If one could include royal personages in the rather gay than worthy category of the 'wits and beaux of society,' Charles II. should figure at their head. He was the most agreeable companion, and the worst king imaginable. In the first place he was, as it were, a citizen of the world: tossed about by fortune from his early boyhood; a witness at the tender age of twelve of the battle of Edge Hill, where the celebrated Harvey had charge of him and of his brother. That inauspicious commencement of a wandering life had perhaps been amongst the least of his early trials. The fiercest was his long residence as a sort of royal prisoner in Scotland. A travelled, humbled man, he came back to England with a full knowledge of men and manners, in the prime of his life, with spirits unbroken by adversity, with a heart unsoured by that 'stern nurse,' with a gaiety that was always kindly, never uncourteous, ever more French than English; far more natural did he appear as the son of Henrietta Maria than as the offspring of the thoughtful Charles.

In person, too, the king was then agreeable, though rather what the French would call distingué than dignified; he was, however, tall, and somewhat elegant, with a long French face, which in his boyhood was plump and full about the lower part of the cheeks, but now began to sink into that well-known, lean, dark, flexible countenance, in which we do not, however, recognize the gaiety of the man whose very name brings with it associations of gaiety, politeness, good company, and all the attributes of a first-rate wit, except the almost inevitable ill-nature.
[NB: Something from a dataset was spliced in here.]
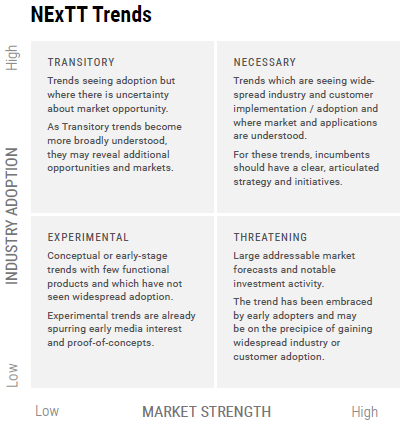 NExTT使用数据驱动的信号,从概念到成熟再到广泛采用,来评估技术,产品和商业模型的趋势。

There is in the physiognomy of Charles II. that melancholy which is often observable in the faces of those who are mere men of pleasure.

De Grammont found himself completely in his own sphere at Whitehall, where the habits were far more French than English. Along that stately Mall, overshadowed with umbrageous trees, which retains—and it is to be hoped ever will retain—the old name of the 'Birdcage Walk,' one can picture to oneself the king walking so fast that no one can keep up with him; yet stopping from time to time to chat with some acquaintances. He is walking to Duck Island, which is full of his favourite water-fowl, and of which he has given St. Evremond the government. How pleasant is his talk to those who attend him as he walks along; how well the quality of good-nature is shown in his love of dumb animals: how completely he is a boy still, even in that brown wig of many curls, and with the George and Garter on his breast! Boy, indeed, for he is followed by a litter of young spaniels: a little brindled greyhound frisks beside him; it is for that he is ridiculed by the 'psalm' sung at the Calves' Head Club: these favourites were cherished to his death.

'His dogs would sit in council boards

Like judges in their seats:

We question much which had most sense,

The master or the curs.'

Then what capital stories Charles would tell, as he unbent at night amid the faithful, though profligate, companions of his exile! He told his anecdotes, it is true, over and over again, yet they were always embellished with some fresh touch—like the repetition of a song which has been encored on the stage. Whether from his inimitable art, or from his royalty, we leave others to guess, but his stories bore repetition again and again: they were amusing, and even novel to the very last.

To this seducing court did De Grammont now come. It was a delightful exchange from the endless ceremonies and punctilios of the region over which Louis XIV. presided. Wherever Charles was, his palace appeared to resemble a large hospitable house—sometimes town, sometimes country—in which every one did as he liked; and where distinctions of rank were kept up as a matter of convenience, but were only valued on that score.